Data under study:
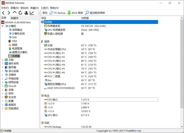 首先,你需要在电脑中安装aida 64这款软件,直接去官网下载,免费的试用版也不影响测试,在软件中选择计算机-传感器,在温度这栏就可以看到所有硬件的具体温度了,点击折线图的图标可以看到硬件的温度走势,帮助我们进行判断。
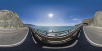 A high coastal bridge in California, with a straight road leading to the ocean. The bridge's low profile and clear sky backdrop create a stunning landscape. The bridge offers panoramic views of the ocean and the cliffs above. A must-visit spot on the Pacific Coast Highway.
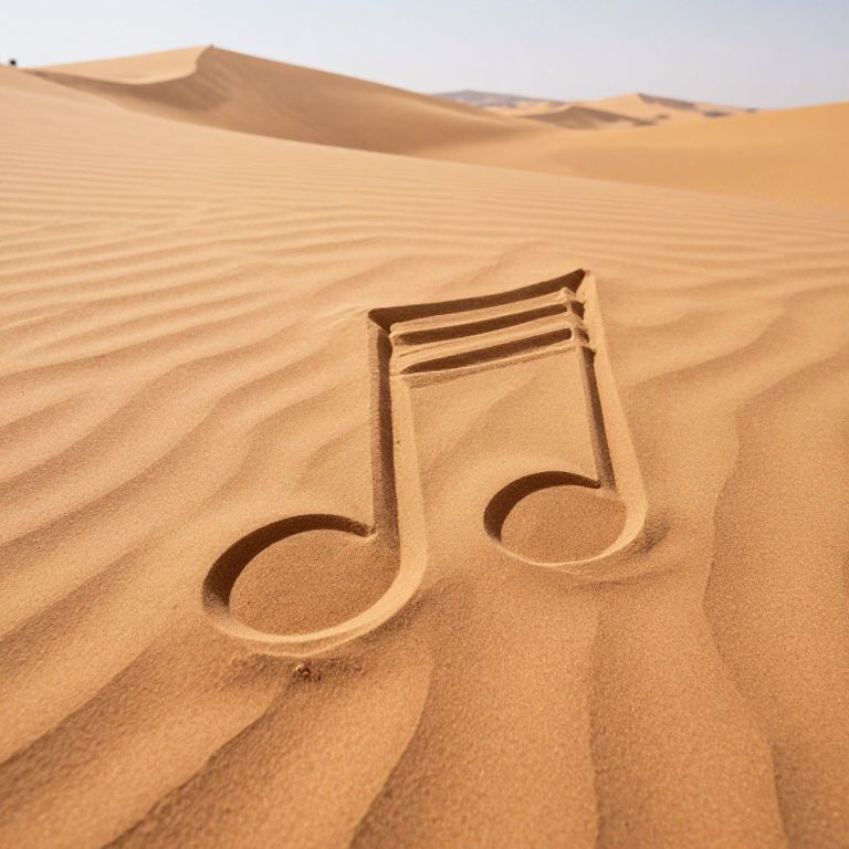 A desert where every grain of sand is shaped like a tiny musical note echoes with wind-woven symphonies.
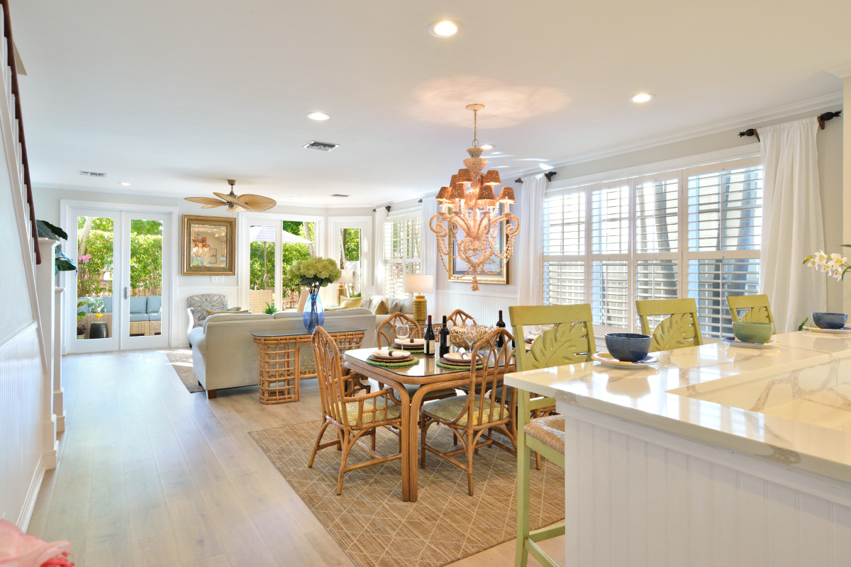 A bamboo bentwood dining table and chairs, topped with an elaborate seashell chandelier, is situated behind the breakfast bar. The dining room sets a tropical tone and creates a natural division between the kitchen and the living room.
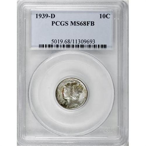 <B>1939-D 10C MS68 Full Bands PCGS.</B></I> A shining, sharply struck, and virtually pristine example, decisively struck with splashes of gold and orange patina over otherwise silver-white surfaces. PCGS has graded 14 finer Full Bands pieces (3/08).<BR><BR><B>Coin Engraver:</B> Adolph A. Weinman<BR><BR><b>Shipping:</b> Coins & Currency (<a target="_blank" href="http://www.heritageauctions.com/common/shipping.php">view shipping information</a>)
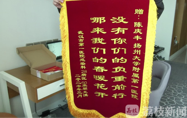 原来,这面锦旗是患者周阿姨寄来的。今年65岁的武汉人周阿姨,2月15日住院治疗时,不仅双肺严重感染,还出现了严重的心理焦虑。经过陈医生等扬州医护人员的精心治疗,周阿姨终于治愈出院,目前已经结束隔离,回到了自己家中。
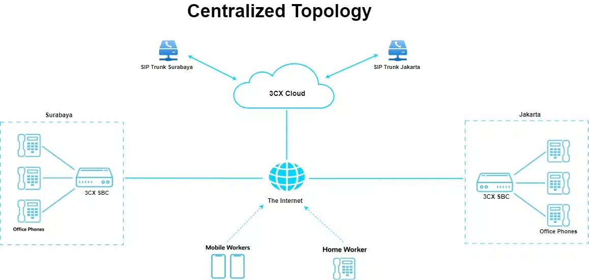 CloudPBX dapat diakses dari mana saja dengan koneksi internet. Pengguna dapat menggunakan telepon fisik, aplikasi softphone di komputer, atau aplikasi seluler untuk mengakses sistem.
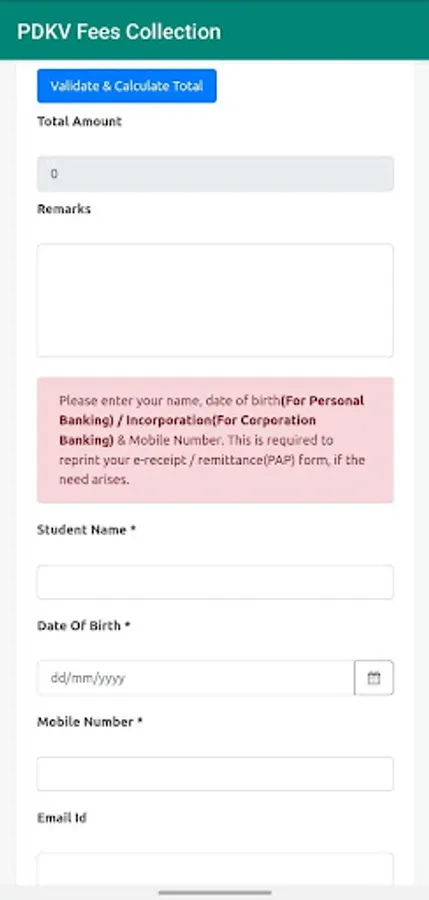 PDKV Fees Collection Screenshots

* * *

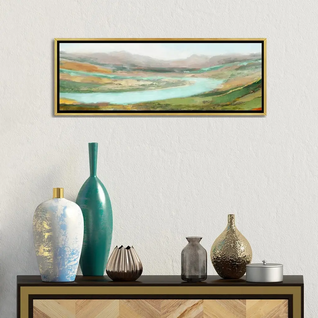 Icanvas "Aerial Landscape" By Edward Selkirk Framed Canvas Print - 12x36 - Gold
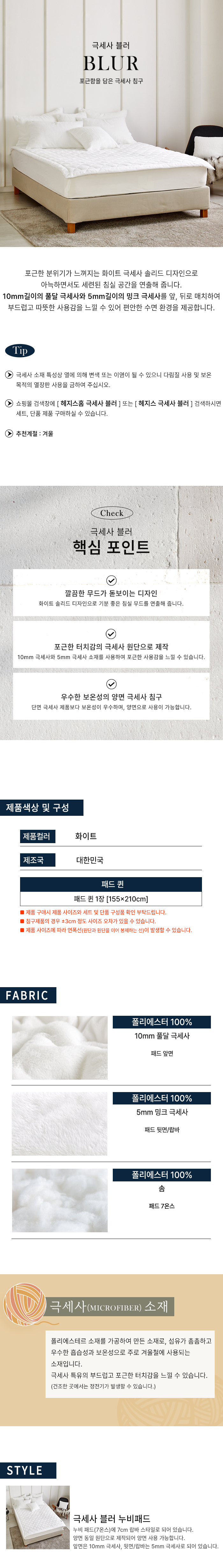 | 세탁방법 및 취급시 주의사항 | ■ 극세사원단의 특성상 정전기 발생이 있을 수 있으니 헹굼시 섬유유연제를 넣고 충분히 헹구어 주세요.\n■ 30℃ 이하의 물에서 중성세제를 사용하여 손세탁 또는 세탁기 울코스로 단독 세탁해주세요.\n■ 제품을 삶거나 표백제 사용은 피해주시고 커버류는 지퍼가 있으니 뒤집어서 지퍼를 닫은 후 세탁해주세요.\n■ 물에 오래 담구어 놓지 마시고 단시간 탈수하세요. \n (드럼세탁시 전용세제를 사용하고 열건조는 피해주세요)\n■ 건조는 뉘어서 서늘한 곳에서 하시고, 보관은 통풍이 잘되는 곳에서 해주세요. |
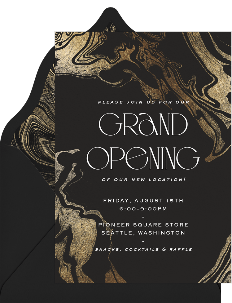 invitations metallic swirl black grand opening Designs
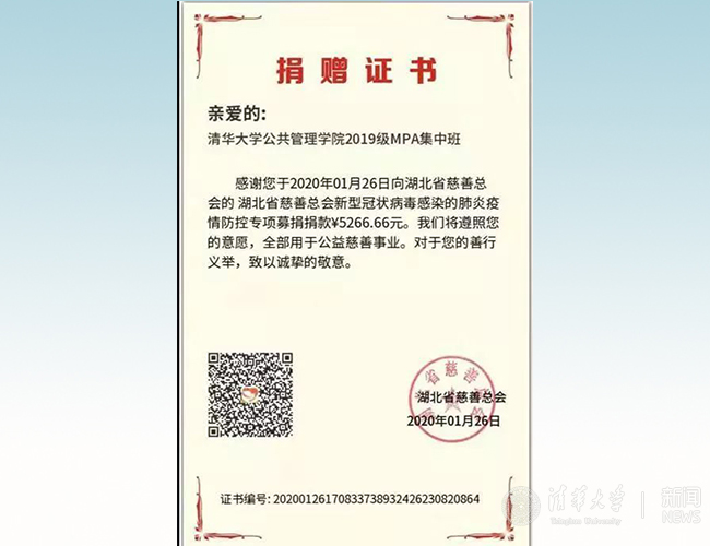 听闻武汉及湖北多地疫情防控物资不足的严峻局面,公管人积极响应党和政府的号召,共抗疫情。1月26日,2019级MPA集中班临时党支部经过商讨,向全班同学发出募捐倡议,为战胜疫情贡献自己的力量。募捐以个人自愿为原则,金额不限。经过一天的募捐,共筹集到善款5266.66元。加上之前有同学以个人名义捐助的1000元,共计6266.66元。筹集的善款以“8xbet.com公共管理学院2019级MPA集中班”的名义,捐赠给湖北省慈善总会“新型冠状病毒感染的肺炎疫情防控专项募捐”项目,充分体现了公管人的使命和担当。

Work order: Give back exactly the lines above that run from the one with "A bamboo bentwood" to the one with "PDKV Fees Collection Screenshots", including both, with the pictures left out.

Solved exercise:
 A bamboo bentwood dining table and chairs, topped with an elaborate seashell chandelier, is situated behind the breakfast bar. The dining room sets a tropical tone and creates a natural division between the kitchen and the living room.
 <B>1939-D 10C MS68 Full Bands PCGS.</B></I> A shining, sharply struck, and virtually pristine example, decisively struck with splashes of gold and orange patina over otherwise silver-white surfaces. PCGS has graded 14 finer Full Bands pieces (3/08).<BR><BR><B>Coin Engraver:</B> Adolph A. Weinman<BR><BR><b>Shipping:</b> Coins & Currency (<a target="_blank" href="http://www.heritageauctions.com/common/shipping.php">view shipping information</a>)
 原来,这面锦旗是患者周阿姨寄来的。今年65岁的武汉人周阿姨,2月15日住院治疗时,不仅双肺严重感染,还出现了严重的心理焦虑。经过陈医生等扬州医护人员的精心治疗,周阿姨终于治愈出院,目前已经结束隔离,回到了自己家中。
 CloudPBX dapat diakses dari mana saja dengan koneksi internet. Pengguna dapat menggunakan telepon fisik, aplikasi softphone di komputer, atau aplikasi seluler untuk mengakses sistem.
 PDKV Fees Collection Screenshots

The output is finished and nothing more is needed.